EDS is erfelijk, er zijn richtlijnen en er is discussie over die richtlijnen. Wat te doen als je als moeder voelt dat je kind hetzelfde mankeert, nee, het is meer dan voelen, het lijkt gewoon een déjà vu. Je twijfelt, je doet het af als het zal wel niet, je probeert het los te laten, maar bent waakzaam. Je doet je best je kind te leren luisteren naar zijn lijf, zijn lastige lijf. In angst te overdrijven hou je afstand, probeer je je instinct te negeren, het stemmetje in je hoofd (het is er maar eentje) naast je neer te leggen, tot de huisarts het ook opvalt en zegt ‘vind je niet dat je fysiek steeds meer op je moeder gaat lijken?’.

Er volgen onderzoeken, er rijzen twijfels, erfelijkheid versus toeval. En dan blijkt opnieuw hoe belangrijk het is serieus genomen te worden. Weer bevind je je in een zoektocht, de geschiedenis herhaalt zich met één enorm verschil, je kind heeft iemand die weet hoe het is en heeft iemand die onvoorwaardelijk gelooft in de klachten. Je kind wordt gelukkig wel serieus genomen, ook al zijn er weer twijfels over de diagnose.

Dat laatste doet iets met je hoofd, mijn hoofd in dit geval. Omdat de puntjes scheef op de i lijken te staan, omdat er kleine verschillen zitten in de plaats van de problemen. Omdat de regels star zijn, onbuigbaar, omdat er nog zoveel onbekende factoren zijn. Jaren van ongeloof bundelen zich in mijn hoofd, maken dat de twijfel opkomt, zetten het deurtje weer op een kier.

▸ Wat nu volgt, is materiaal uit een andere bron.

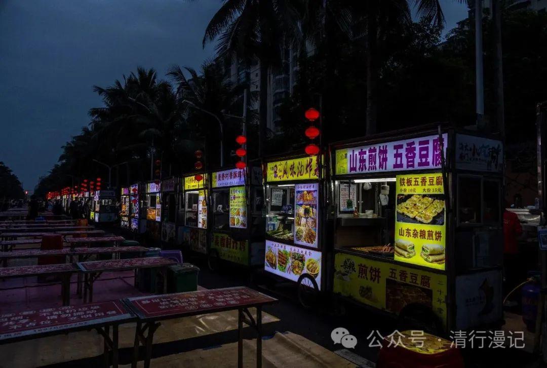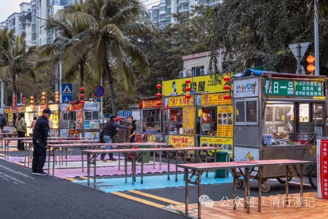 从下午5点半开始,陆续有商家推车前来准备经营,路边有一溜小箱子,里面有燃气管道,商家接上就可使用,很方便;也有一些使用煤气罐的。下午6点封路,商家麻利地打开桌子、椅子,迅速布置好,夜市立即成型了。
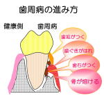 歯肉炎は病気が歯ぐきに止まっている時期で、歯ぐきのはれや、出血があります。ただ、飲食リズムを整え、歯みがきで歯垢を除けばで数日でなおります。放置すると歯周炎に進みます。

In plaats van te denken aan het meest logische, aan één plus één is twee, twijfel je aan de uitkomst. Lijkt twee ineens drie.

Ik denk dat 95% van mijn lotgenoten zich in dit misschien wat wazige verhaal herkennen en dat is schokkend. Zeg ‘ik heb reuma’ en geen mens twijfelt aan de diagnose. Zeg ‘ik heb EDS’en iedereen trekt alles in twijfel. Het is zeldzaam, is dat eigenlijk wel zo? Is het echt zo zeldzaam of is het te weinig gediagnostiseerd? Zoveel vragen, zo weinig antwoorden. Veel meningen, dat wel, van artsen, van lotgenoten, van patiënten, van onzekere mensen, wiens leven vaak letterlijk op losse schroeven staat…

Doelen…

Ik lees toch best regelmatig stukjes over fysieke doelen die mensen zichzelf stellen. Voor mijzelf vind ik dit best lastig, mijn systeem en doelen werken niet echt goed samen. Als ik iets in mijn kop heb wil ik het ook uitvoeren of het nu kan of niet en in dat woordje ‘kan’ zit nu net het probleem.

Doelen stellen is gevaarlijk voor mij, ik kan mijn wil niet goed uitschakelen. Mijn grootste problemen zijn hiermee begonnen trouwens. Ik moest herstellen van een hernia operatie en kreeg hiervoor een protocol. Mijn lopen werd per dag opgevoerd, een uur liggen en dan een x aantal minuten lopen. Ik nam dit protocol zeer letterlijk, op een gegeven moment liep ik na ieder uur rusten een half uur. Voor mijn rug ging dit wel, dat de rest van mijn onderstel dit niet kon, daar hield ik geen rekening mee. Mijn knieën gingen in rap tempo achteruit, mijn heupen wilden niet meer en toch liep ik star door. Als ik niet buiten kon lopen liep ik net als een ijsberende Dagobert Duck rondjes in de woonkamer.

Uiteindelijk bleek ook het herstel van mijn rug niet klakkeloos te verlopen en zag mijn fysio in dat dit doelen stellende protocol voor mij totaal ongeschikt was. Je hoeft mij niet aan te moedigen, je moet me juist afremmen. Doelen werken tegendraads, ik ga door omdat ik dat van mezelf moet en daarin blijkt mijn hoofd redelijk hardleers.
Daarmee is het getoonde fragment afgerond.